Урицкий огляделся. Никого поблизости не видно. Но ва всякий случай понизив голос до шепота, он сказал:
— Дело чрезвычайной важности. Не могли бы вы на первой остановке отстать от нашего парохода и вернуться в Киев?
— Ну, если надо, что за вопрос…
Другого ответа Моисей и не ждал. Дав товарищу явку в Киеве и задание сообщить, что один из руководителей Спилки — Захар Иванович Выровой — полицейский провокатор, Урицкий поднялся с настила и прогулочным шагом пошел на корму. Он выполнил должное. За кружковцев Мельникова можно ручаться головой. И действительно, на первой же остановке железнодорожник сошел на берег, стал прицениваться на прибрежном рынке к украинским рушникам и, «замешкавшись», опоздал на отваливший от пристани пароход.
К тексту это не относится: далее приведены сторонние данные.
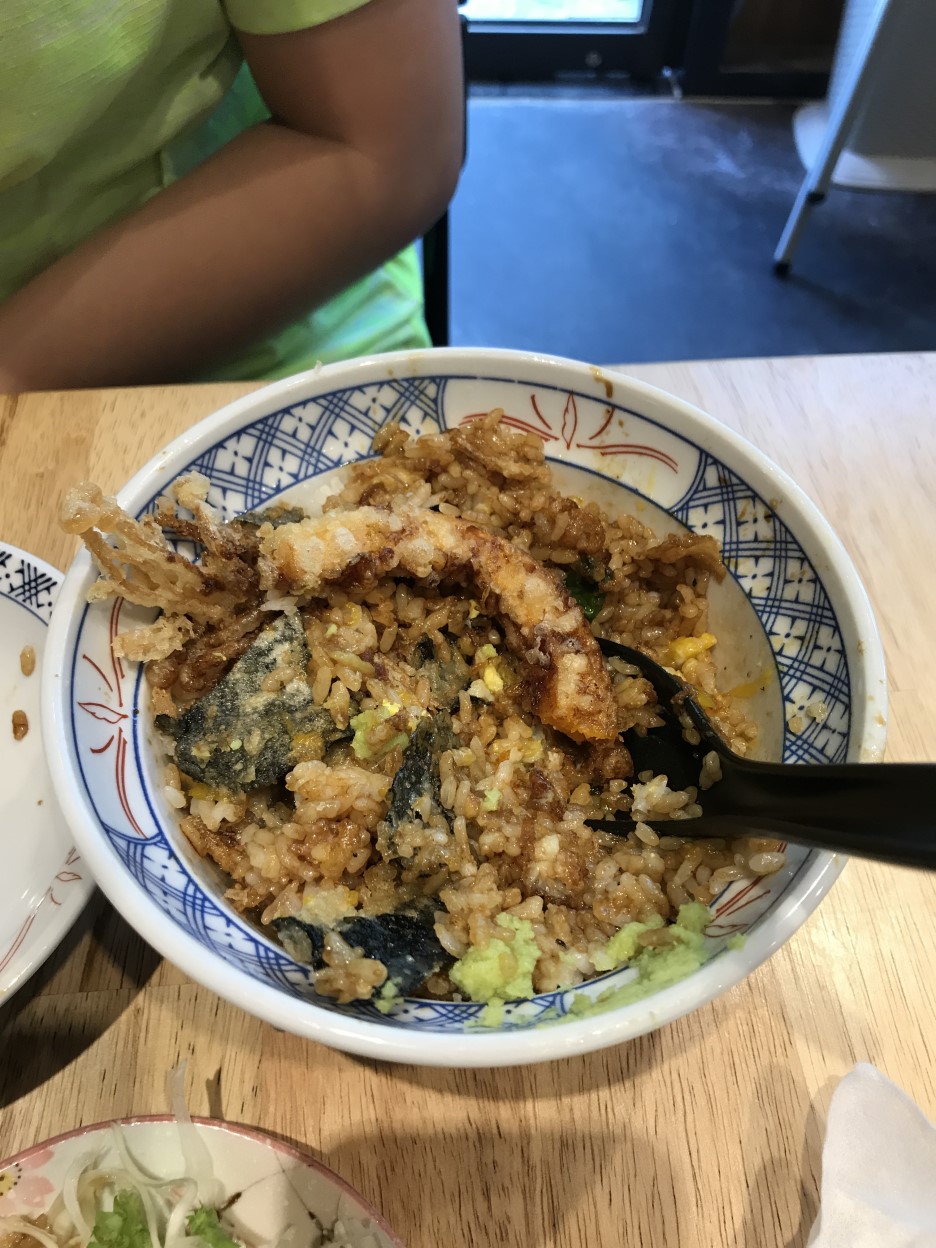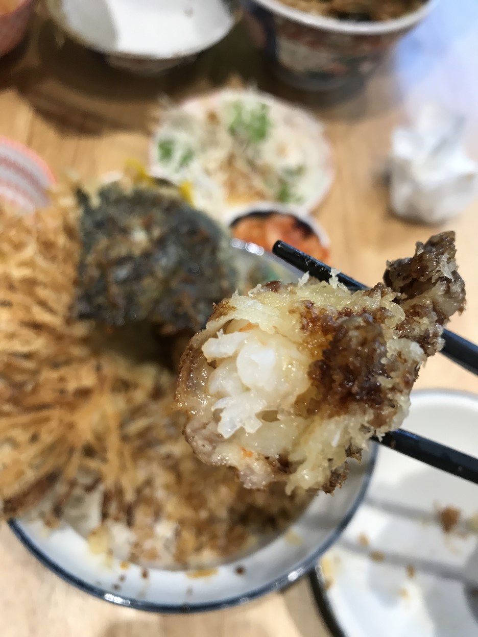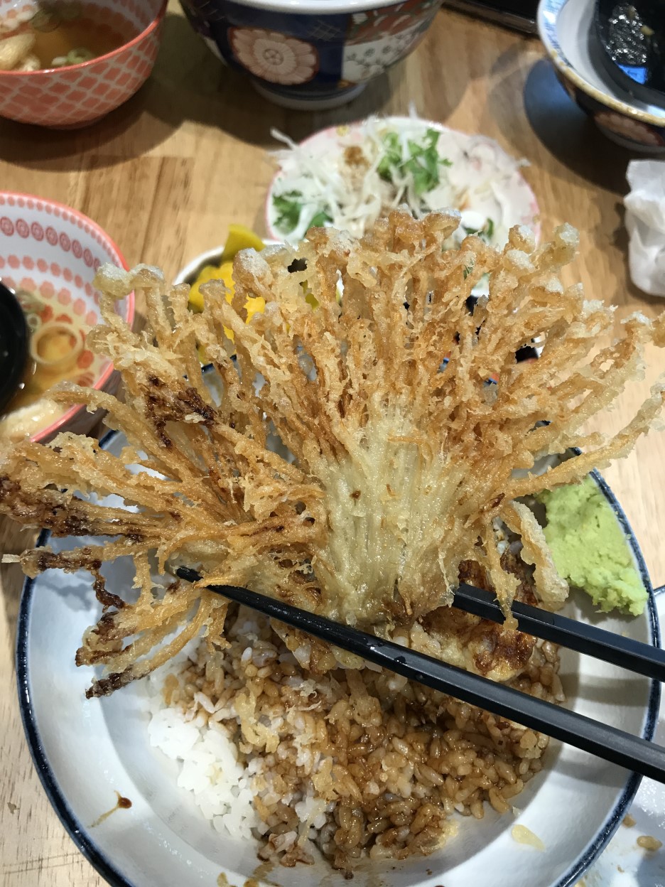 The mushrooms were nice because they were very crispy, but they felt a little greasy, so I decided to mix them with rice.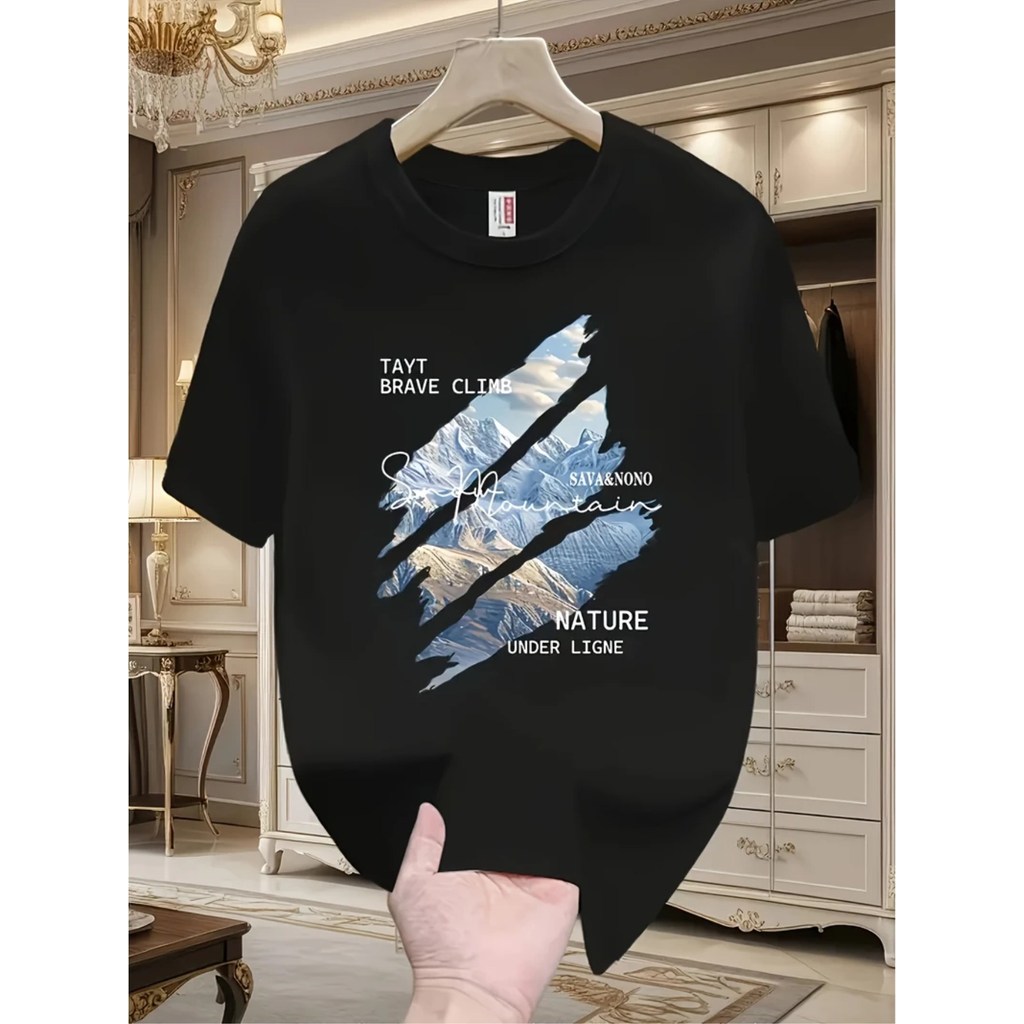 Men S Casual Nature Inspired Graphic T Shirt Black with Mountain Tree Design Short Sleeve Crew Neck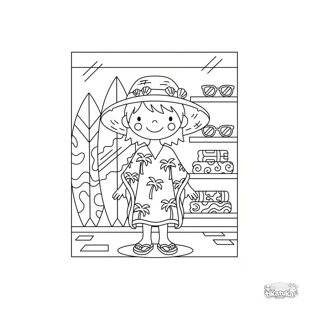 Página para colorir para meninas 10-12: um manequim alegre na vitrine de uma loja de surf exibe um conjunto de praia completo: um canga, chapéu e chinelos.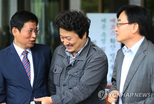 △ 밝은 표정의 이상호 (서울=연합뉴스) 김도훈 기자 = 이상호 전 MBC 기자(가운데)가 9일 오전 서울 서초구 대법원에서 열린 해고무효 소송 상고심 선고공판을 마친 뒤 김환균 언론노조 위원장(왼쪽)과 조능희 언론노조 MBC 본부위원장으로부터 축하를 받고 있다. 이날 대법원은 "해고는 무효이며 2013년 1월부터 복직 때까지 월 400만원을 지급하라"고 판결한 원심을 확정했다.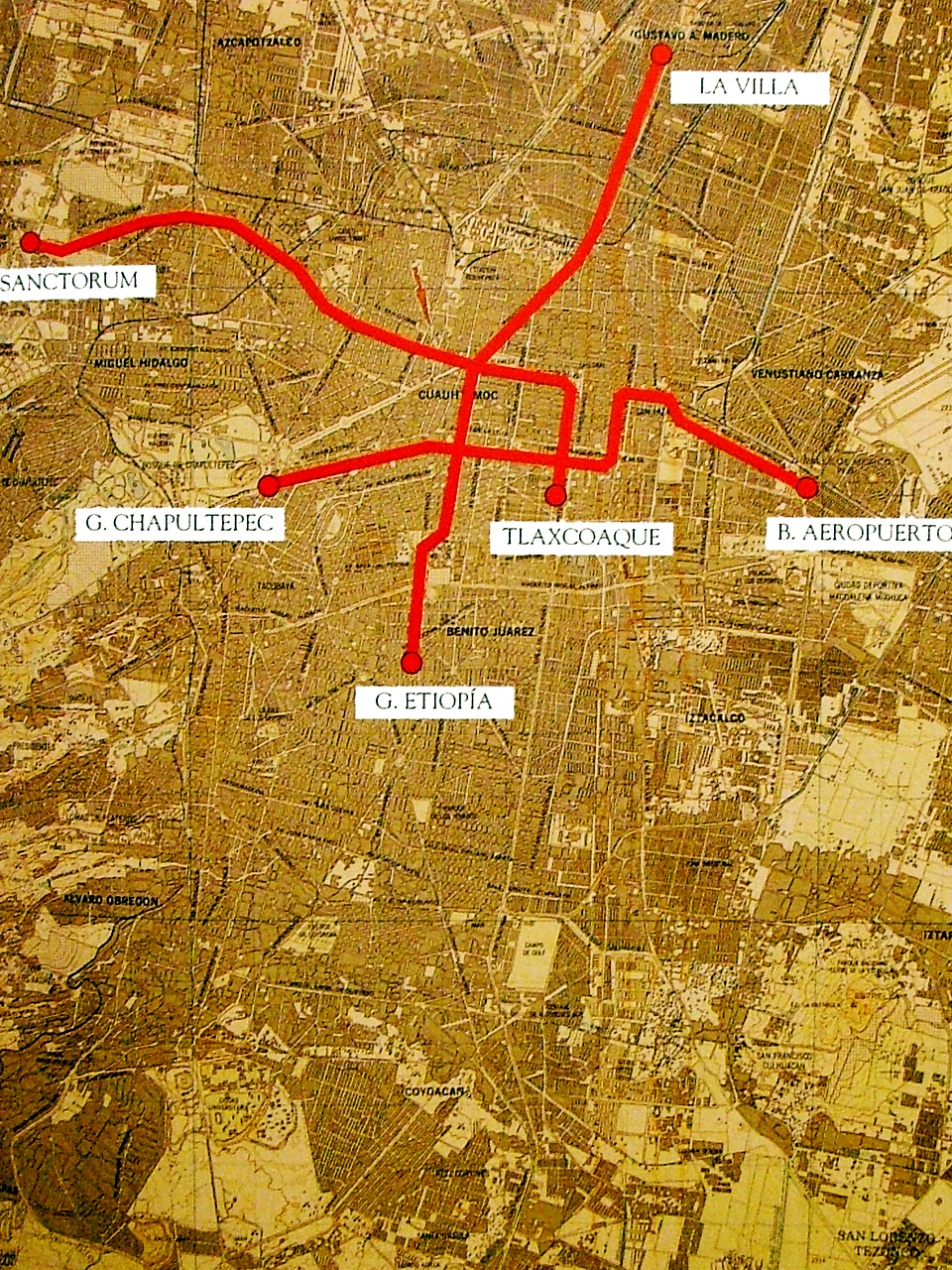 멕시코시티 지하철은 1960년대 말 멕시코시티의 심각한 교통 문제를 해결하기 위해 건설되기 시작했다. 엔지니어 베르나르도 킨타나가 주도하여 1967년 4월 29일 ''Sistema de Transporte Colectivo''라는 공공 조직이 창설되었고, 이 조직이 지하철 건설 및 운영을 담당하게 되었다.[10]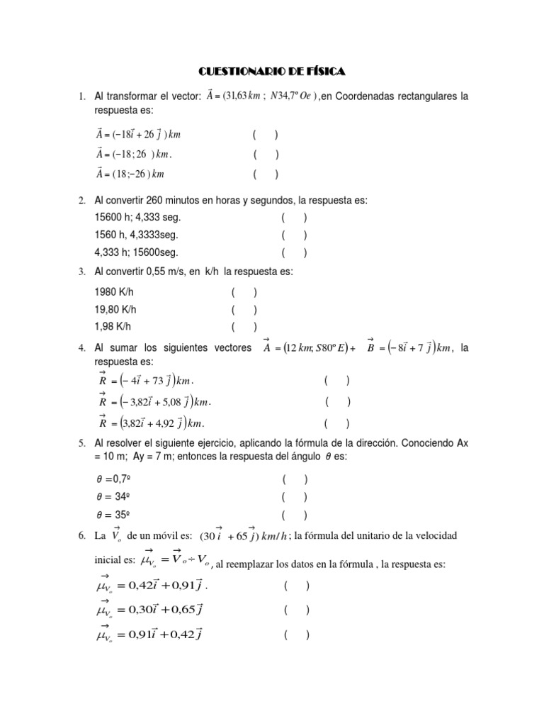 Cuestionario De Fisica Aceleracion Dinamica Mecanica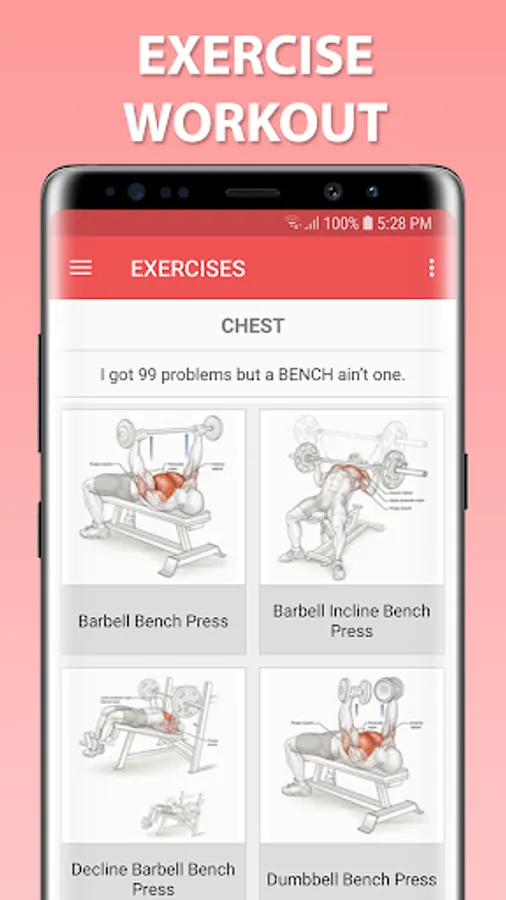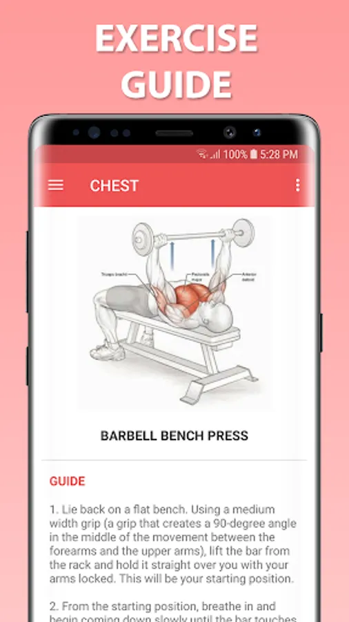 More than 100 different exercises to do at the gym with images and an explanation of the exercise. This is your personal instructor for training major muscle groups such as Chest, Shoulders, Biceps, Triceps, Abdominals, Back and Legs.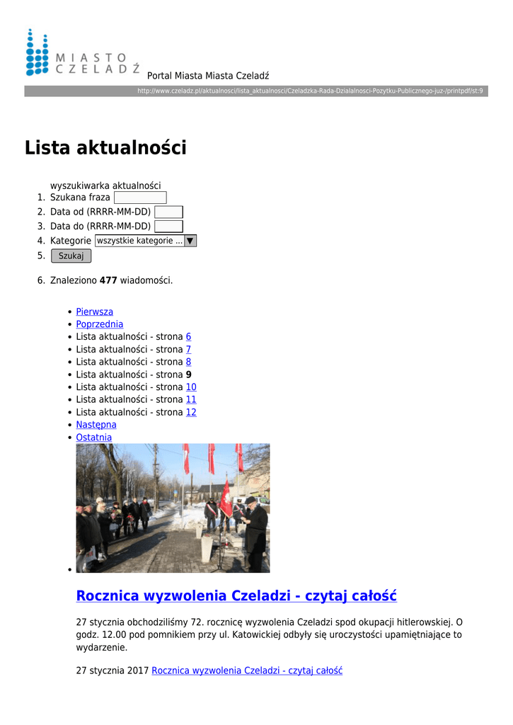 Portal Miasta Miasta Czeladź http://www.czeladz.pl/aktualnosci/lista_aktualnosci/Czeladzka-Rada-Dzialalnosci-Pozytku-Publicznego-juz-/printpdf/st:9 Lista aktualności wyszukiwarka aktualności 1. Szukana fraza 2. Data od (RRRR-MM-DD) 3. Data do (RRRR-MM-DD) 4. Kategorie wszystkie kategorie ... ▼ 5. Szukaj 6. Znaleziono 477 wiadomości. Pierwsza Poprzednia Lista aktualności - strona 6 Lista aktualności - strona 7 Lista aktualności - strona 8 Lista aktualności - strona 9 Lista aktualności - strona 10 Lista aktualności - strona 11 Lista aktualności - strona 12 Następna Ostatnia Rocznica wyzwolenia Czeladzi - czytaj całość 27 stycznia obchodziliśmy 72. rocznicę wyzwolenia Czeladzi spod okupacji hitlerowskiej. O godz. 12.00 pod pomnikiem przy ul. Katowickiej odbyły się uroczystości upamiętniające to wydarzenie. 27 stycznia 2017 Rocznica wyzwolenia Czeladzi - czytaj całość Czeladzianie mogą wymienić się ciepłem - czytaj całość Wspaniała inicjatywa Fundacji Rób Dobro dotarła do Czeladzi! W środę, w studni na rynku starego miasta pojawił się wieszak "Wymiany Ciepła". 26 stycznia 2017 Czeladzianie mogą wymienić się ciepłem - czytaj całość Konsultacje społeczne: przebudowa i adaptacja warsztatów elektrycznych i transformatorowni zabytkowej kopalni SATURN - czytaj całość Konsultacje społeczne dotyczące złożenia wniosku o dofinansowanie w ramach Regionalnego Programu Operacyjnego Województwa Śląskiego na lata 2014-2020, który obejmować będzie przebudowę i adaptację dwóch obiektów: warsztatów elektrycznych i transformatorowni zabytkowej kopalni SATURN w Czeladzi na Centrum Usług Społecznościowych i Aktywności Lokalnej SATURN 25 stycznia 2017 Konsultacje społeczne: przebudowa i adaptacja warsztatów elektrycznych i transformatorowni zabytkowej kopalni SATURN - czytaj całość Miłośnicy białego szaleństwa - czytaj całość Zakończyły się dwa turnusy obozów narciarskich w Białce Tatrzańskiej, organizowanych przez Miejski Szkolny Związek Sportowy. 25 stycznia 2017 Miłośnicy białego szaleństwa - czytaj całość Muzyczne Piątki w Muzeum Saturn - czytaj całość Już w najbliższy piątek 27 stycznia o godz. 18.00 w Muzeum Saturn koncert pt. „Jak za dawnych lat” w wykonaniu Trio Appassionata. 24 stycznia 2017 Muzyczne Piątki w Muzeum Saturn - czytaj całość Miasto walczy ze smogiem - czytaj całość Rozpoczęła się kampania informacyjno-edukacyjna, mająca na celu uświadomienie mieszkańcom zagrożeń, związanych ze smogiem. 24 stycznia 2017 Miasto walczy ze smogiem - czytaj całość Pierwszy tydzień harcerskich ferii dobiegł końca - czytaj całość Od 16 do 20 stycznia siedem drużyn zuchowych uczestniczyło w półkoloniach organizowanych przez Miasto Czeladź, Harcerski Krąg Seniorów oraz Miejski Ośrodek Sportu i Rekreacji. 23 stycznia 2017 Pierwszy tydzień harcerskich ferii dobiegł końca - czytaj całość Konkursowe emocje w Kopalni Kultury - czytaj całość Do uroczystego otwarcia Kopalni Kultury pozostało już kilka dni. 23 stycznia odbędzie się wielkie losowanie wśród zarejestrowanych w specjalnie przygotowanym formularzu. Relację na żywo będzie można obejrzeć na oficjalnej stronie kopalni na Facebooku o 16:00. 23 stycznia 2017 Konkursowe emocje w Kopalni Kultury - czytaj całość Rocznica wybuchu powstania styczniowego - czytaj całość W południe, 23 stycznia pod krzyżem przy ul. Nowopogońskiej na Piaskach oddaliśmy hołd bohaterom powstania styczniowego. 23 stycznia 2017 Rocznica wybuchu powstania styczniowego - czytaj całość Oświadczenie o rocznej wartości sprzedaży napojów alkoholowych tylko do 31 stycznia - czytaj całość Jeśli sprzedajesz napoje alkoholowe powinieneś pamiętać, że na początku każdego roku jesteś zobowiązany złożyć pisemne oświadczenie o wartości sprzedaży poszczególnych rodzajów napojów alkoholowych za rok poprzedni oraz wnieść opłaty za zezwolenie na sprzedaż napojów alkoholowych. 20 stycznia 2017 Oświadczenie o rocznej wartości sprzedaży napojów alkoholowych tylko do 31 stycznia - czytaj całość Pierwsza Poprzednia Lista aktualności - strona 6 Lista aktualności - strona 7 Lista aktualności - strona 8 Lista aktualności - strona 9 Lista aktualności - strona 10 Lista aktualności - strona 11 Lista aktualności - strona 12 Następna Ostatnia

Через несколько дней Урицкому сообщили, что конференция Спилки состоялась, как и было намечено, 30 октября в пригороде Киева, на станции Ирпень. Выровой на конференции присутствовал и был очень активен. Несмотря на то что охранное отделение было поставлено в известность, никто арестован не был. Имея точный список всех делегатов, можно арестовывать по одному, что проще. Аресты были произведены, и организация практически разгромлена. Для виду был арестовал провокатор Выровой и заключен в Лукьяновскую тюрьму, где продолжал свою подлую деятельность. Урицкий не оказался в списке подлежащих аресту только потому, что был задержан 29 октября и отпущен через 36 часов без всяких для него последствий.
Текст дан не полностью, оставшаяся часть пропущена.